Durante tutta la giornata tra un incontro di lavoro e una riunione, nei tratti di strada che mi separavano tra un appuntamento e l’altro, cercavo su internet qualche notizia in più, senza trovarne. Il pensiero correva lontano nel tempo, alla metà degli anni ottanta, quando ero direttore marketing della rivista La Gola, quando con Carlo Petrini si parlava di ridare dignità alla parola cibo, quando Gianni Sassi (forse qualcuno lo ricorda) realizzò il marchietto dell’Arcigola, e Slow Food era solo un pensiero che non aveva ancora preso corpo. Il Gambero Rosso muoveva i suoi primi passi come supplemento de Il Manifesto. Ricordo che Stefano quando passava da Milano ci veniva a trovare in redazione, due chiacchiere, un caffè, a volte un aperitivo all’allora famoso cocktail bar Lucky Bar.

A volte in accordo, a volte in totale disaccordo, ma sempre uniti dalla consapevolezza dell’importanza di considerare il buon cibo e il buon bere parte essenziale della cultura dell’essere umano. In quegli anni di cultura enogastronomica non se ne parlava: Gianni Brera, Luigi Veronelli, Gianni Mura erano tra i pochi nomi che si sforzavano di dare visibilità a questo settore, a fare il cuoco non aspirava nessuno, gli chef famosi si contavano sulla punta delle dita di una sola mano, e il reparto libri di cucina nelle librerie era confinato in un piccolo scaffale, spesso quasi nascosto.

La sera di lunedì, rientrando a casa, ho cominciato a “smanettare” qui e là alla ricerca di notizie sulla sua morte e soprattutto sulla sua vita, ma nessuno ne parlava. Forse qualche tg mi è sfuggito, ma l’unico giornalista che ho sentito dare spazio a questa notizia è stato Enrico Mentana all’interno del tg serale de la7.

Ho pensato che essendo stata una morte improvvisa forse la sua biografia, il suo “coccodrillo” come lo chiamano i giornalisti, non era ancora pronto e che sicuramente nei giorni successivi sarebbe stato tributato a quest’uomo il giusto ricordo e riconoscimento per il valore alto che il suo impegno professionale ha avuto nel settore enogastronomico italiano, ma questo non è avvenuto.

Questa morte silenziosa, liquidata velocemente senza nemmeno un fitto passaparola, mi turba perché ancora una volta mi fa sospettare che per essere lodati da vivi e da morti si debba stare allineati e supini alla conformità del pensiero comune.
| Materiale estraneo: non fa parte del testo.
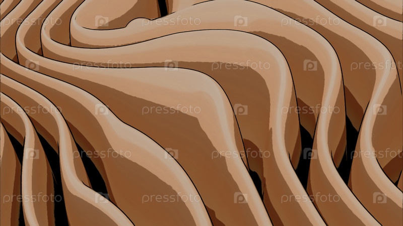 Фон со складывающимися слоями текстиля, левитирующим, 3D-дизайном. оранжевые текстильные драпировки в стиле мультфильмов

Bonilli è stata una voce spesso scomoda, “fuori dal coro” come si suole dire, ma i suoi punti di vista, anche se non sempre condivisibili, non erano mai velleitari, erano sempre frutto di un pensiero profondo e coerente. E’ stata una figura di luci e di ombre e per questo a mio avviso, di rilievo e ricca di sfaccettature, ma soprattutto è stato un grande innovatore, un giornalista coraggioso, una figura di primo piano nella riqualificazione dell’intero settore enogastronomico e agroalimentare italiano. Tutto il settore, soprattutto quello produttivo di eccellenza di cui nessuno si occupava, ha trovato in lui una voce, una finestra di visibilità e di competenza, gli dobbiamo tutti molto, ma siamo una nazione con la memoria molto corta, sempre più corta, ormai non ci ricordiamo più nemmeno di chi ci ha lasciato solo una settimana fa.